TASK REQUIREMENTS » Return all the lines below exactly. Any picture among them is omitted.

GIVEN MATERIAL »

━━━━━━

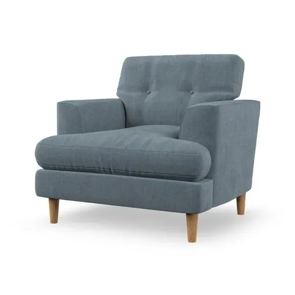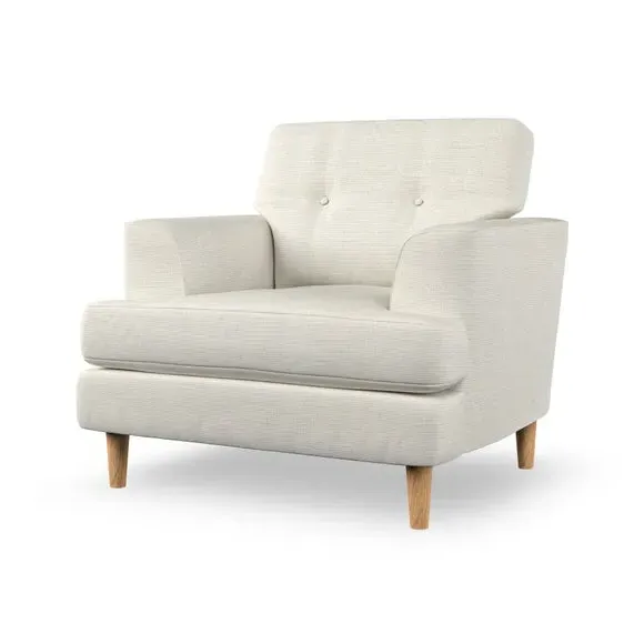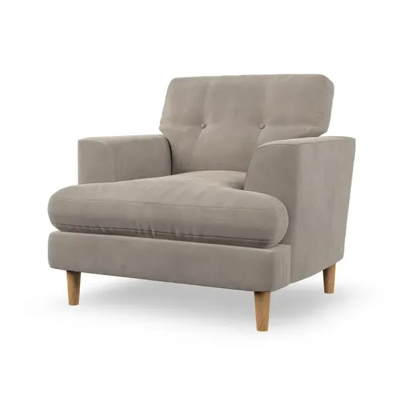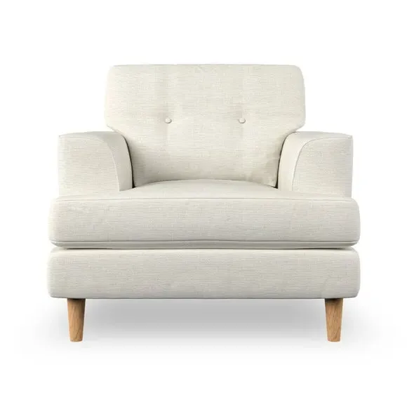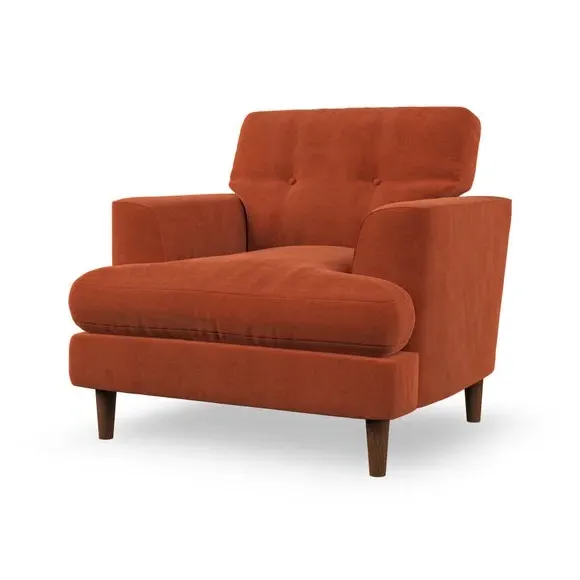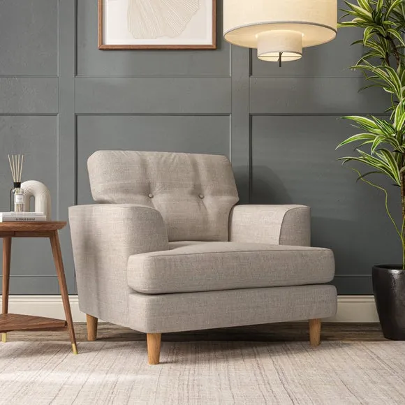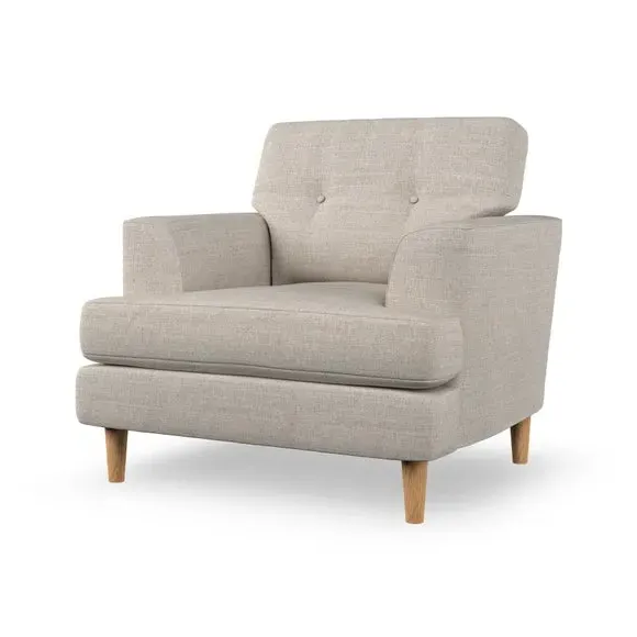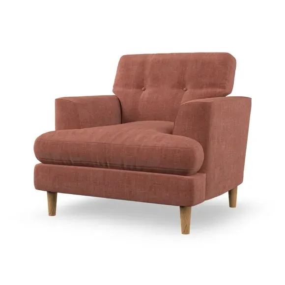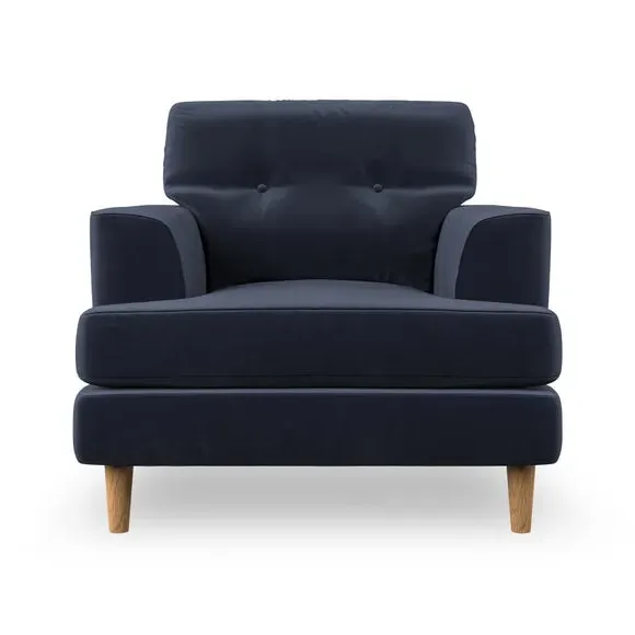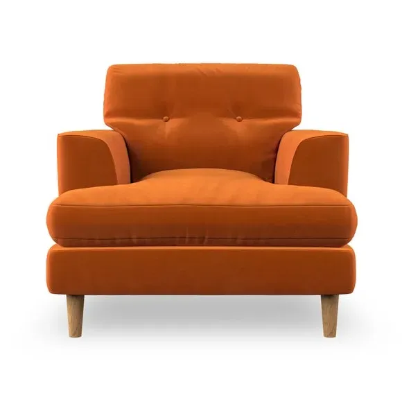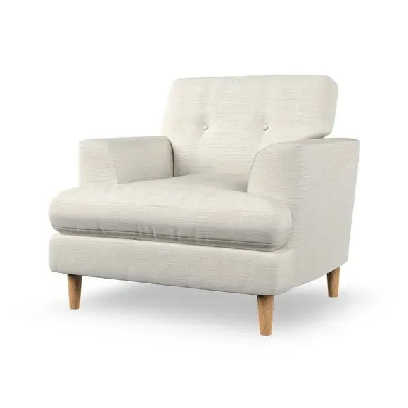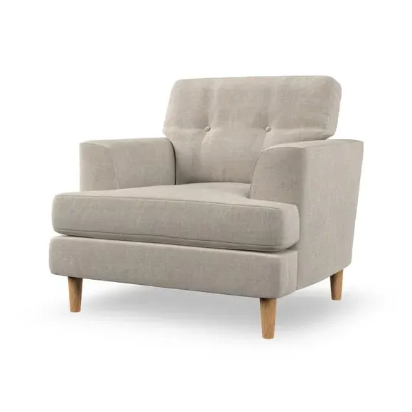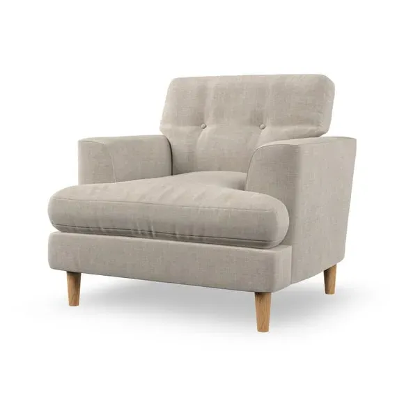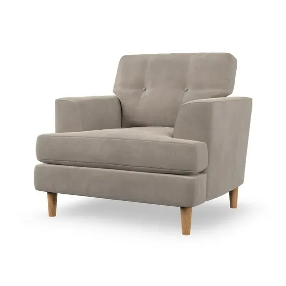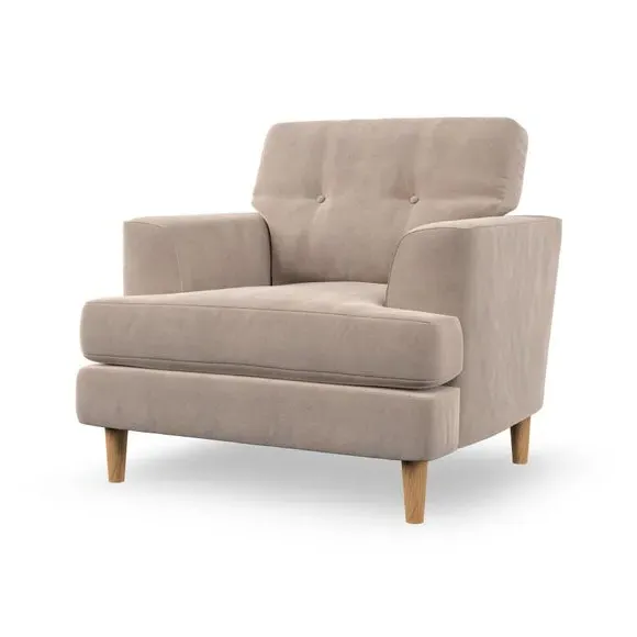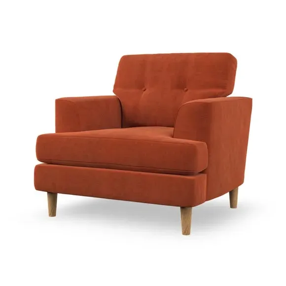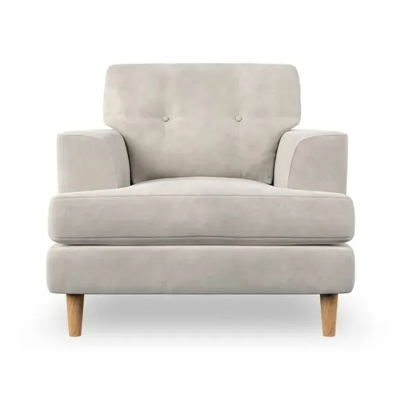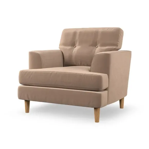 * Scandi inspired design* High legs* Button pull detailing* Choose the cushion filling, leg colour and fabric The Cooper Armchair is a compact yet striking piece that embodies Scandinavian-inspired sophistication. Featuring clean lines, an elegant high-leg frame, and a generous T-shaped seat cushion, it’s a stylish addition to any room. The fibre-filled back cushion, adorned with button-pull detailing, provides excellent support and comfort. Customise this armchair to suit your décor with a choice of fabrics, leg finishes, and cushion fillings.
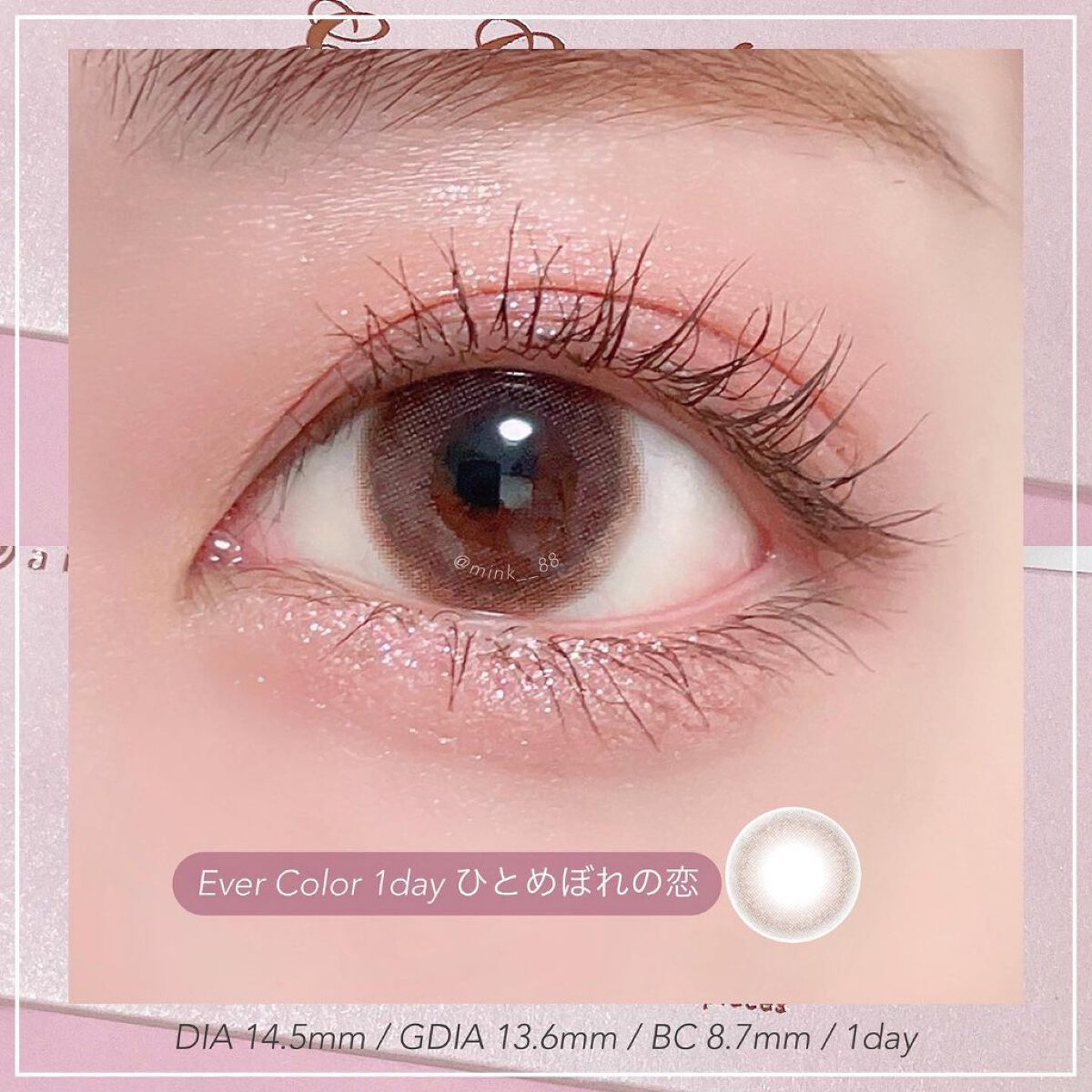 ほんのりピンクにブラウンのフチ デザインもナチュラルでふんわり盛れる🤍 くすみピンクと大きめのグラフィックで ガーリーな雰囲気に🎀 くすんだアッシュ系で垢抜けた瞳に♡ 透明感のある儚げなピンク♡ ピンク初心者さんにもおすすめ!
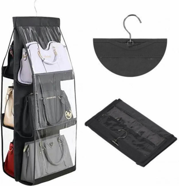 Organizer voor handtassen voor in de kast is de perfecte oplossing voor elk huishouden. Je kunt er tot 6 handtassen tegelijk aan ophangen, waardoor opbergen eenvoudiger wordt en de kastruimte efficiënt wordt benut. Gemaakt van duurzaam kunststof voor een lange levensduur en betrouwbaarheid. De volledig opvouwbare constructie betekent dat hij, wanneer hij niet wordt gebruikt, minimaal ruimte inneemt.
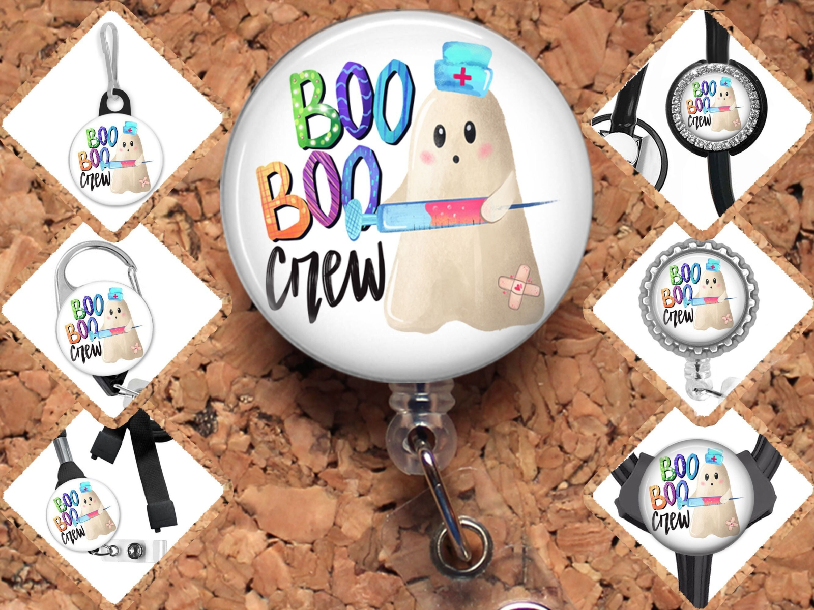 Halloween Medical Badge Reel, Fall Carabiner, Boo Boo Ghost Crew, Zipper Pull, Stethoscope ID Tag, Nurse Id Holder, 8025

━━━━━━

REPLY »
 * Scandi inspired design* High legs* Button pull detailing* Choose the cushion filling, leg colour and fabric The Cooper Armchair is a compact yet striking piece that embodies Scandinavian-inspired sophistication. Featuring clean lines, an elegant high-leg frame, and a generous T-shaped seat cushion, it’s a stylish addition to any room. The fibre-filled back cushion, adorned with button-pull detailing, provides excellent support and comfort. Customise this armchair to suit your décor with a choice of fabrics, leg finishes, and cushion fillings.
 ほんのりピンクにブラウンのフチ デザインもナチュラルでふんわり盛れる🤍 くすみピンクと大きめのグラフィックで ガーリーな雰囲気に🎀 くすんだアッシュ系で垢抜けた瞳に♡ 透明感のある儚げなピンク♡ ピンク初心者さんにもおすすめ!
 Organizer voor handtassen voor in de kast is de perfecte oplossing voor elk huishouden. Je kunt er tot 6 handtassen tegelijk aan ophangen, waardoor opbergen eenvoudiger wordt en de kastruimte efficiënt wordt benut. Gemaakt van duurzaam kunststof voor een lange levensduur en betrouwbaarheid. De volledig opvouwbare constructie betekent dat hij, wanneer hij niet wordt gebruikt, minimaal ruimte inneemt.
 Halloween Medical Badge Reel, Fall Carabiner, Boo Boo Ghost Crew, Zipper Pull, Stethoscope ID Tag, Nurse Id Holder, 8025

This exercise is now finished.